*** Dataset content ***

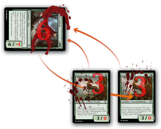 Une créature qui a la double initiative inflige des blessures deux fois au combat : une première quand les créatures infligent des blessures d'initiative, et une seconde quand les créatures infligent des blessures normales. Il est possible pour une créature avec la double initiative d'infliger des blessures à une autre créature et de la détruire avant que celle-ci ne puisse infliger ses blessures de combat.
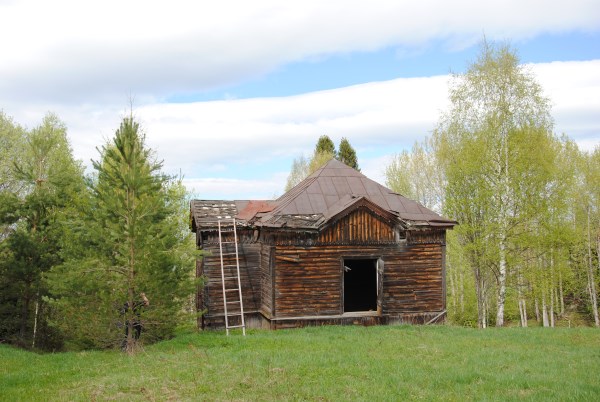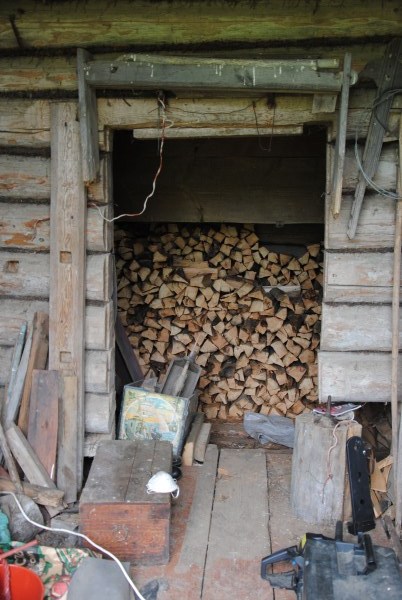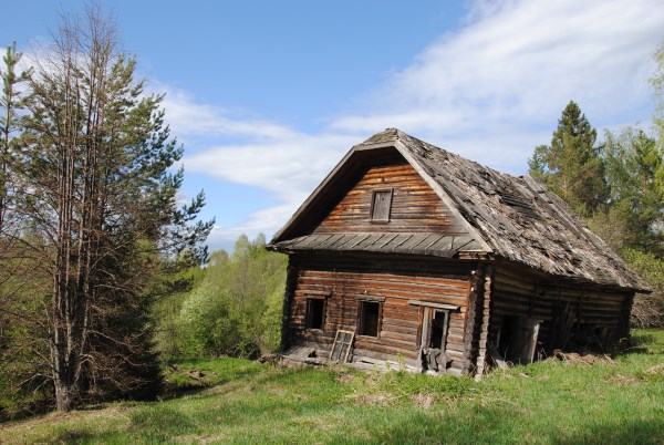 За домом стоит покосившаяся избушка - возможно, мастерская
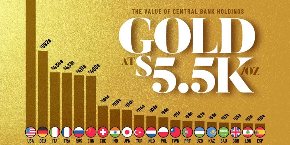 Central Banks Ranked by the Value of Their Gold at $5,500 an Ounce
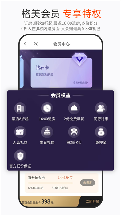 (1)方便快捷:附近酒店查詢、常住/收藏酒店、休閑房預(yù)訂、自助入住、會員中心;
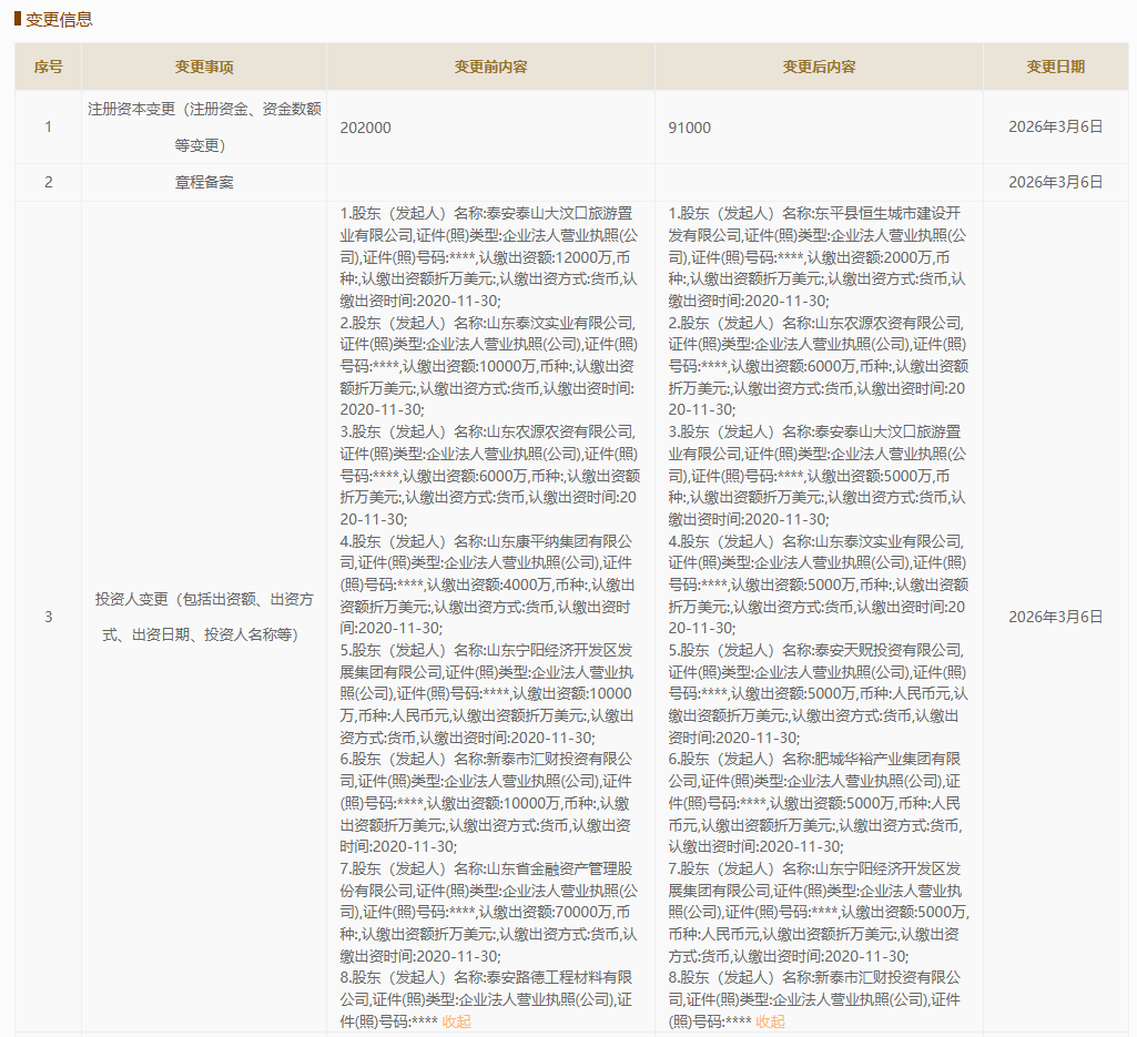 泰山金融资管注册资本减少11.1亿元,三家股东退出
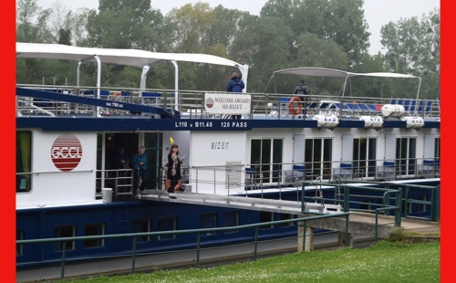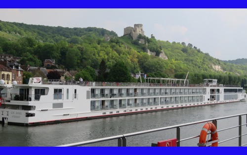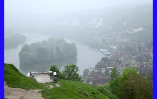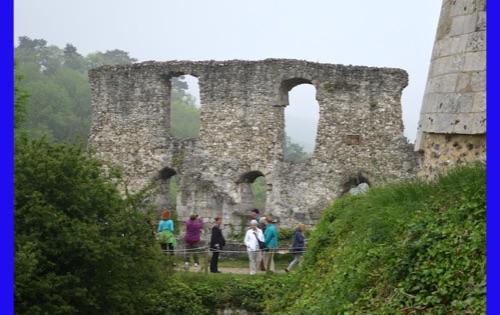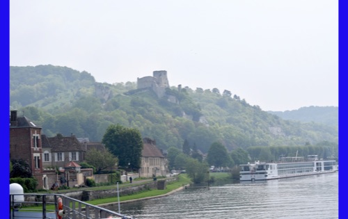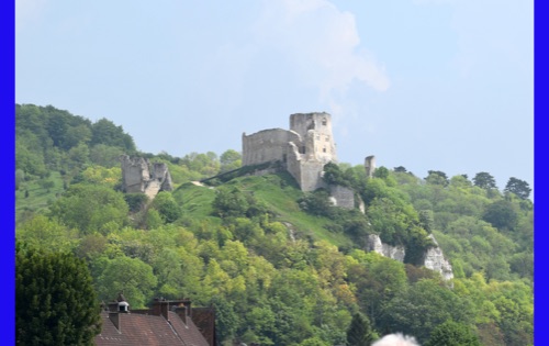 After breakfast, we left the ship and had a choice of a walking tour of Les Andelys, a walk up to the ruins of the Chateau Gaillard, an imposing fortress from the days of King Richard the Lionhearted, or a strenuous hike farther and steeper to the castle ruins. We chose the walk and even then Ellen was glad she had her hiking stick.
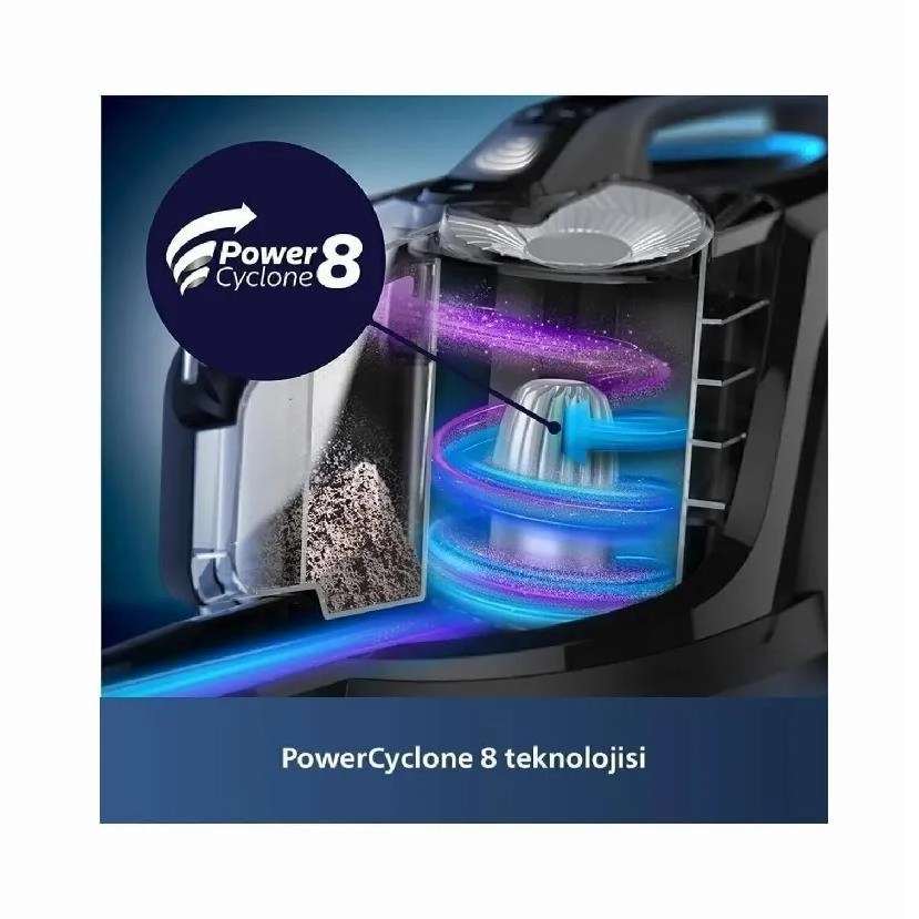 فناوری PowerCyclone 8 از یک حرکت چرخشی قدرتمند برای به حداکثر رساندن جریان هوا و ارائه بالاترین قدرت مکش استفاده می کند. جریان هوای فوق سریع در محفظه استوانه ای، گرد و غبار را با سرعت بیش از 185 کیلومتر در ساعت از هوا جدا می کند و قدرت مکش قوی تری را برای مدت طولانی تری برای نتایج تمیز کردن کامل فراهم می کند.
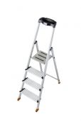 Стремянки этой серии оснащаются высокой дугой безопасности. Она позволяет удерживать равновесие, при размещении на рабочей площадке. Кстати, она достаточно просторная, со специальным покрытием против скольжения стопы. Эти важные элементы конструкции обеспечивают безопасное и комфортное положение при выполнении любых работ.
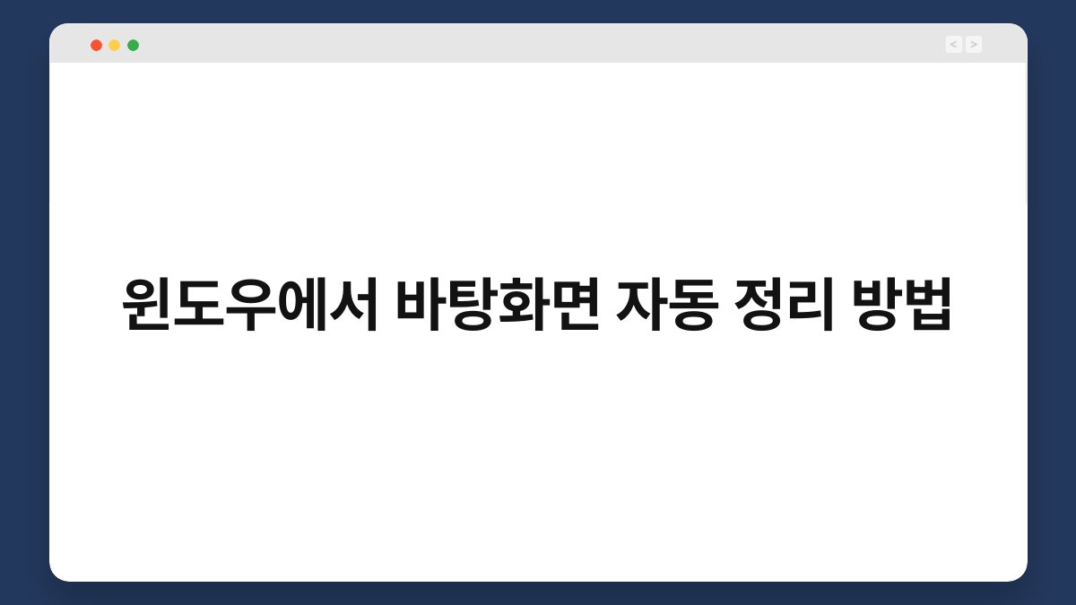 바탕화면에 쌓인 파일들, 정리하기가 쉽지 않죠? 이럴 때마다 마음이 불편해지곤 합니다. 하지만 걱정하지 마세요. 윈도우에서 바탕화면을 자동으로 정리하는 방법이 있습니다. 이 글에서는 그 방법을 단계별로 안내해 드리겠습니다. 간단한 설정만으로도 깔끔한 바탕화면을 유지할 수 있으니, 끝까지 함께해 주세요. 바탕화면 정리의 필요성 왜 바탕화면 정리가 중요할까요? 바탕화면은 컴퓨터를 사용할 때 가장 먼저 눈에 띄는 공간입니다. 이곳이 어지럽히면 … 더 읽기

*** End of Dataset content ***

■ Description of the task
Leave out every picture and copy verbatim the lines running from the line containing "泰山金融资管注册资本减少11.1亿元,三家股东退出" through the final line of the data.

■ Solution to the problem
 泰山金融资管注册资本减少11.1亿元,三家股东退出
 After breakfast, we left the ship and had a choice of a walking tour of Les Andelys, a walk up to the ruins of the Chateau Gaillard, an imposing fortress from the days of King Richard the Lionhearted, or a strenuous hike farther and steeper to the castle ruins. We chose the walk and even then Ellen was glad she had her hiking stick.
 فناوری PowerCyclone 8 از یک حرکت چرخشی قدرتمند برای به حداکثر رساندن جریان هوا و ارائه بالاترین قدرت مکش استفاده می کند. جریان هوای فوق سریع در محفظه استوانه ای، گرد و غبار را با سرعت بیش از 185 کیلومتر در ساعت از هوا جدا می کند و قدرت مکش قوی تری را برای مدت طولانی تری برای نتایج تمیز کردن کامل فراهم می کند.
 Стремянки этой серии оснащаются высокой дугой безопасности. Она позволяет удерживать равновесие, при размещении на рабочей площадке. Кстати, она достаточно просторная, со специальным покрытием против скольжения стопы. Эти важные элементы конструкции обеспечивают безопасное и комфортное положение при выполнении любых работ.
 바탕화면에 쌓인 파일들, 정리하기가 쉽지 않죠? 이럴 때마다 마음이 불편해지곤 합니다. 하지만 걱정하지 마세요. 윈도우에서 바탕화면을 자동으로 정리하는 방법이 있습니다. 이 글에서는 그 방법을 단계별로 안내해 드리겠습니다. 간단한 설정만으로도 깔끔한 바탕화면을 유지할 수 있으니, 끝까지 함께해 주세요. 바탕화면 정리의 필요성 왜 바탕화면 정리가 중요할까요? 바탕화면은 컴퓨터를 사용할 때 가장 먼저 눈에 띄는 공간입니다. 이곳이 어지럽히면 … 더 읽기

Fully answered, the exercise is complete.